Шрифт:
Интервал:
Закладка:
Вполне допустимо, что трибунал фемы мог санкционировать убийство, совершенное герцогом, по крайней мере, вся былая уверенность в их справедливости уже утратилась, и даже самые щедрые в восхвалении прежних шоффенов авторы того времени не могли найти достаточно выразительных слов, чтобы описать, насколько недостойными они стали теперь. Распространенной поговоркой стала фраза о том, что в судах фемы заведено сначала повесить обвиняемого, а потом доследовать за что. Объявляя о торжественном роспуске, рейхстаг в Трире заявил, что «вестфальскими трибуналами очень многие честные люди были лишены достоинства, правоспособности, жизни и собственности». Архиепископ же Кельна, который хорошо был знаком с ними, вскоре после этого признал, среди прочих обвинений, в выпущенном им отречении, что «очень многие остерегались их и считали рассадником негодяев».
Второй случай, на который была ссылка, предоставляет еще более веские доказательства деградации вестфальских трибуналов.
Мужчина по имени Керстиан Керкеринк, живший недалеко от города Мюнстера, был обвинен, и, возможно, заслуженно, в неоднократных актах прелюбодеяния. Вольный трибунал Мюнстера решил взять это дело в рассмотрение. За ним послали и вытащили его из кровати прямо посреди глубокой ночи. Чтобы он не шумел и не сопротивлялся, задействованные люди убедили его, что он будет представлен перед трибуналом благородного канцлера города Мюнстера, и настояли, чтобы он надел свой лучший наряд. Его привели в место под названием Бекманский кустарник, где укрывали его, пока один из них доставлял сведения об успешном выполнении поручения в городской совет.
На рассвете штульгеры, фрайграф и шоффены, взяв с собой монаха и городского палача, пришли к Бекманскому кустарнику и призвали к себе пленника. Когда тот появился, то стал умолять, чтобы ему разрешили воспользоваться помощью адвоката, но в этой просьбе ему было отказано, и суд незамедлительно перешел к вынесению смертного приговора. Несчастный стал теперь упрашивать, чтобы ему дали отсрочку хотя бы на один день, чтобы уладить свои дела и примириться с Господом. Но и в этом ему с непреклонной твердостью отказали, отметив, что он должен умереть немедленно и что, если хочет, может исповедаться, для чего сюда и привели священника. Когда несчастный бедолага еще раз взмолился о милости, ему ответили, что ему окажут милость, и он будет обезглавлен, а не повешен. Монаха попросили принять исповедь, и, когда это было сделано, палач (который перед этим принес клятву никогда не рассказывать об увиденном) подошел и отрубил голову преступнику.

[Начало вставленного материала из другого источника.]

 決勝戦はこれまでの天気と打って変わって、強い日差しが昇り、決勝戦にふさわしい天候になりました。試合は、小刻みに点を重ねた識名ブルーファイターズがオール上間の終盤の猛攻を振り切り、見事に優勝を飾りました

Между тем слухи о происходящем дошли до города. Стар и млад поспешили стать свидетелями последнего акта трагедии и, может быть, вмешаться в защиту Керкеринка. Но это предвиделось, поэтому были предприняты меры предосторожности. Были выставлены наблюдатели, чтобы никто из города не появился у места суда, пока все не будет кончено. Когда люди добрались туда, они не нашли ничего, кроме безжизненного тела Керкеринка, которое поместили в гроб и похоронили на ближайшем погосте.
Епископ и капитул Мюнстера выразили крайнее возмущение этим выходящим за рамки правил судом и попранием их собственных прав, что способствовало росту общей неприязни к судам фемы.

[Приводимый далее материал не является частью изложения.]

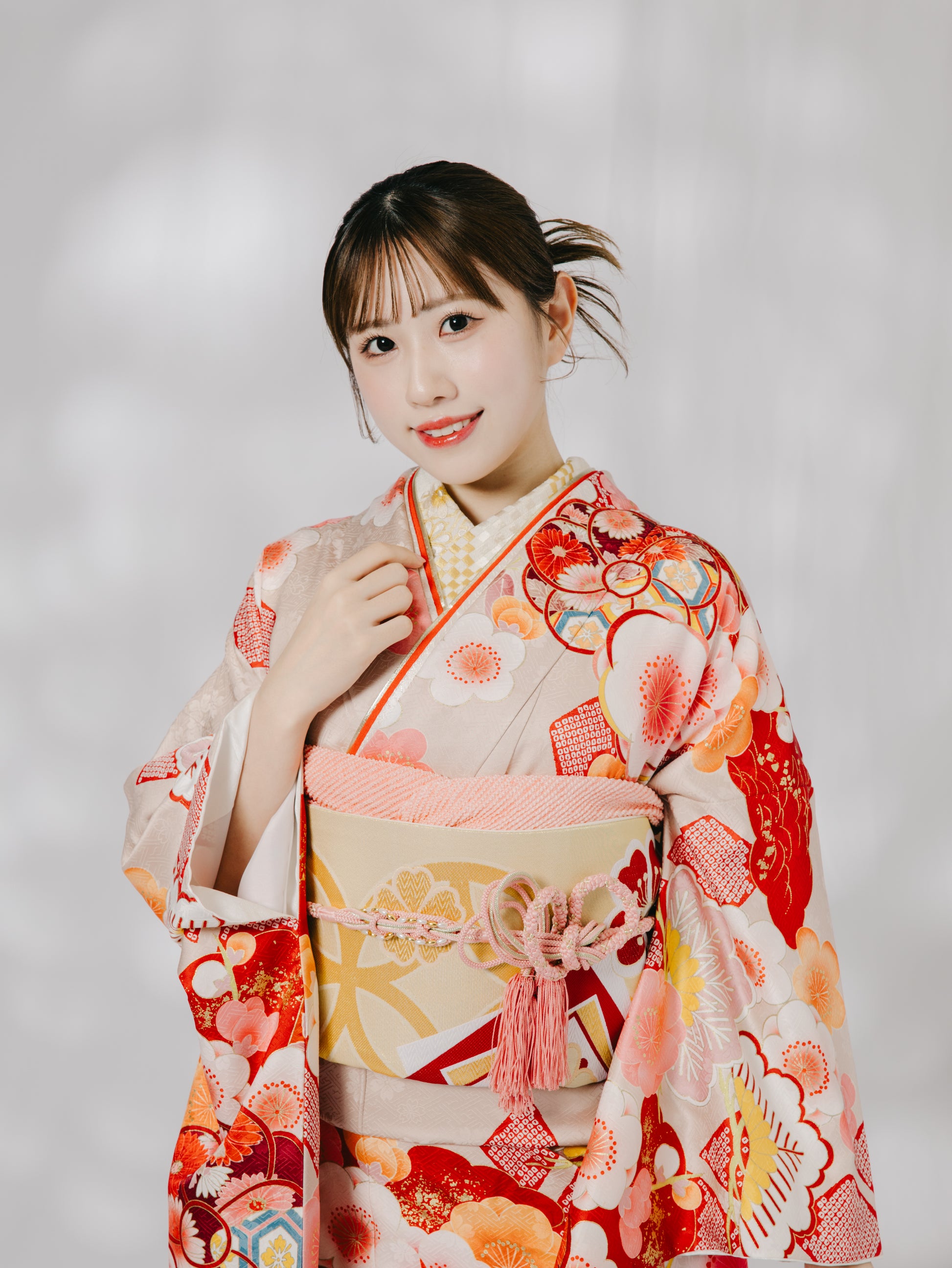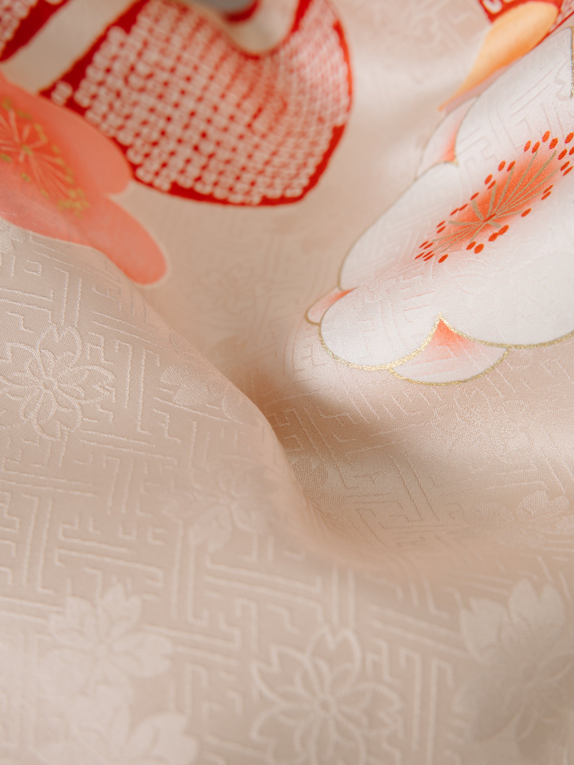 全体をピンクでまとめた可愛らしい一着。ゴールドの帯で煌びやかに

Читатели сразу поймут, насколько сильно в этом деле, имевшем место в 1580 году, судебное разбирательство отличалось от того, как оно проходило в более ранние времена. Тогда обвиняемого вызывали официальной повесткой и ему разрешалось иметь адвоката. Здесь его схватили, не сказав за что, и даже ничего похожего на формальное разбирательство в отношении него не происходило. Раньше, когда люди приближались даже случайно к месту проведения суда фемы, они крестились и спешили прочь от этого места, счастливые, что спасли свою жизнь. Теперь они спешили туда, не опасаясь найти место, где он заседал, а члены трибунала сами бежали при их появлении. Наконец, в суровости наказания, как и в справедливости, преимущества были на стороне старых судов. Преступник мучился в петле. Ничего не упоминалось о присутствии святого отца, утешающего его в последние минуты, а тело казненного вместо захоронения в освященную землю оставалось на растерзание стервятникам и диким зверям. Явно времена поменялись.
Суды фемы формально никогда не были устранены. Тем не менее прекрасные гражданские нововведения императоров Максимилиана и Карла V, последовавшее укрощение духа анархии и беспорядка, появление римского права, распространение протестантской религии и множество других событий того периода вселили людям неприязнь к тому, что теперь выглядело варварскими порядками, пригодными лишь для времен, к которым лучше бы никогда не возвращаться. Некоторые из трибуналов были упразднены, освобождения и привилегии неподсудности им во многом увеличились, незамедлительное вынесение решений им вообще было запрещено, они постепенно теряли свою власть до полной утраты своего значения. И хотя вплоть до XIX века их тень еще бродила по некоторым уголкам Вестфалии, они давно стали предметом антикварных забав, как одного из самых удивительных феноменов Средних веков. Они подходили лишь к определенному упадочному состоянию общества. До тех пор пока такие условия сохранялись, они приносили пользу, когда все изменилось, они вошли в противоречие с новым положением вещей, стали пагубными, начали вызывать ненависть и отвращение, потеряли все свое влияние и репутацию, разделили судьбу любого живого существа, которому свойственны недолговечность и угасание. Все, что от них осталось, – это воспоминания.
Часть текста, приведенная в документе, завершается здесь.